[Extracted entries — start]

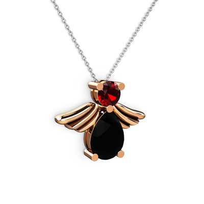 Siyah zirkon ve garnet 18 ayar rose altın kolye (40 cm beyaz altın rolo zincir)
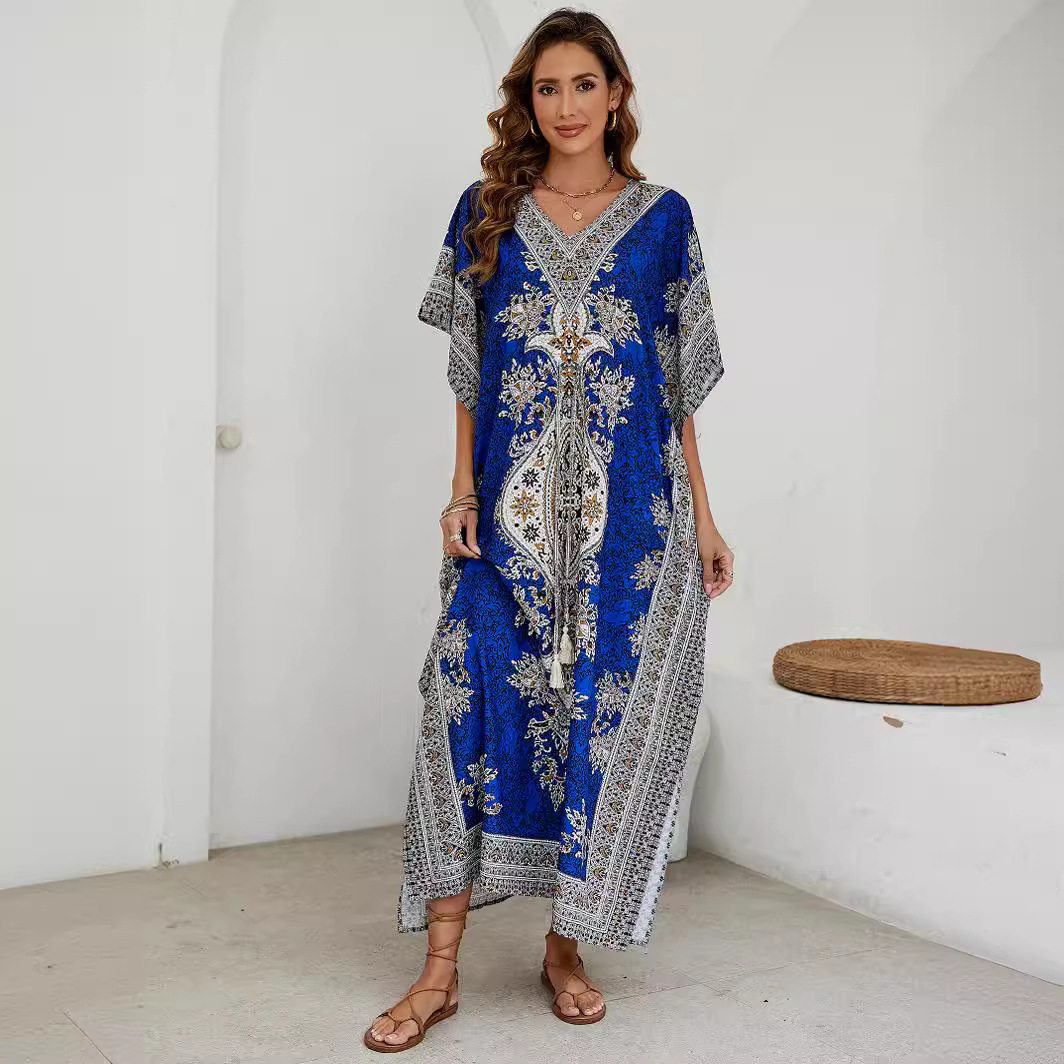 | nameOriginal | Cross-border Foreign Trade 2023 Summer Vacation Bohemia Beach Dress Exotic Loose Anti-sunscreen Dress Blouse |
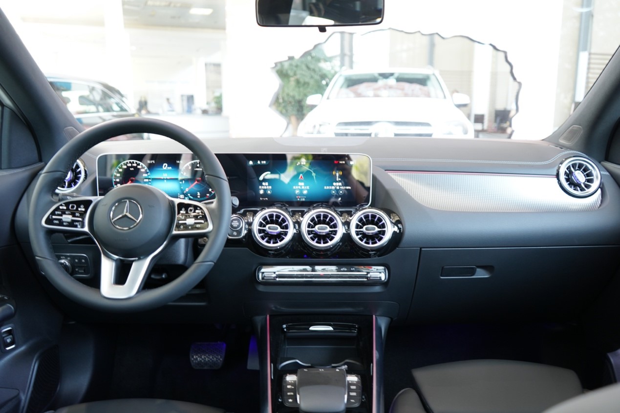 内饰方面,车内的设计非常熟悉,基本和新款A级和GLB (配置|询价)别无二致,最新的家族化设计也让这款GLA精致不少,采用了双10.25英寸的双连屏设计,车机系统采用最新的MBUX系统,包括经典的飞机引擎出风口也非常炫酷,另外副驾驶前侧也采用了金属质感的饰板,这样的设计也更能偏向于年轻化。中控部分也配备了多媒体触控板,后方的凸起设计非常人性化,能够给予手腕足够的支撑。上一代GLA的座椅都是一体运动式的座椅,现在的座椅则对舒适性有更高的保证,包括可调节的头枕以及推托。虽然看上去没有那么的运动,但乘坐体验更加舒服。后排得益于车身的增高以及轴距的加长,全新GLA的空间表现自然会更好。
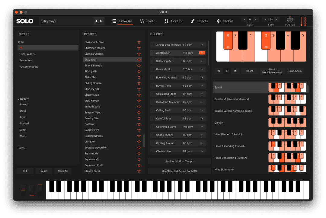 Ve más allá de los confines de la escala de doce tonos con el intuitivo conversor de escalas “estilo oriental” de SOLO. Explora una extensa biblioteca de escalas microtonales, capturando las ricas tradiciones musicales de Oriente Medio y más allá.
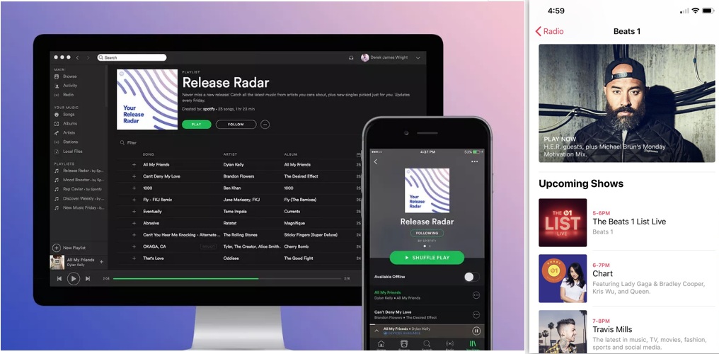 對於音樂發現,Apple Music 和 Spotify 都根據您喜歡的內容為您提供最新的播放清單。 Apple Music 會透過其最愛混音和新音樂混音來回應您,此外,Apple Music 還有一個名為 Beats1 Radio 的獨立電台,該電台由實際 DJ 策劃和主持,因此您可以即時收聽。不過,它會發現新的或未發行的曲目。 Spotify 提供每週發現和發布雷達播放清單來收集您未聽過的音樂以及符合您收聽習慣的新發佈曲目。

[Extracted entries — finish]
[Extracted entries — start]

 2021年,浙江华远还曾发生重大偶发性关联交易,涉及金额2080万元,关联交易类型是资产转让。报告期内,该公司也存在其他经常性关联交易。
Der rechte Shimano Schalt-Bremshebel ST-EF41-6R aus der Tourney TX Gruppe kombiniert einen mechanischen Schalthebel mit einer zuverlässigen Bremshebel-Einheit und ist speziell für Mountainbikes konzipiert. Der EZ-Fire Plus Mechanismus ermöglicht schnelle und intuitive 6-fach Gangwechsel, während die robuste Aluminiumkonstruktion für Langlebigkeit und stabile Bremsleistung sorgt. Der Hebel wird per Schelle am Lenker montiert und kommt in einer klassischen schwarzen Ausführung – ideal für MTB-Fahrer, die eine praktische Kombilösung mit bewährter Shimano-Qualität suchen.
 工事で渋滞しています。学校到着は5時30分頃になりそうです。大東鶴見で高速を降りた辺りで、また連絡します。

[Extracted entries — finish]

The task. Although pictures appear among the records above, none are to be output; print exactly the lines from the line containing "Ve más allá" through the line containing "對於音樂發現,Apple Music 和".

Result for this task.
 Ve más allá de los confines de la escala de doce tonos con el intuitivo conversor de escalas “estilo oriental” de SOLO. Explora una extensa biblioteca de escalas microtonales, capturando las ricas tradiciones musicales de Oriente Medio y más allá.
 對於音樂發現,Apple Music 和 Spotify 都根據您喜歡的內容為您提供最新的播放清單。 Apple Music 會透過其最愛混音和新音樂混音來回應您,此外,Apple Music 還有一個名為 Beats1 Radio 的獨立電台,該電台由實際 DJ 策劃和主持,因此您可以即時收聽。不過,它會發現新的或未發行的曲目。 Spotify 提供每週發現和發布雷達播放清單來收集您未聽過的音樂以及符合您收聽習慣的新發佈曲目。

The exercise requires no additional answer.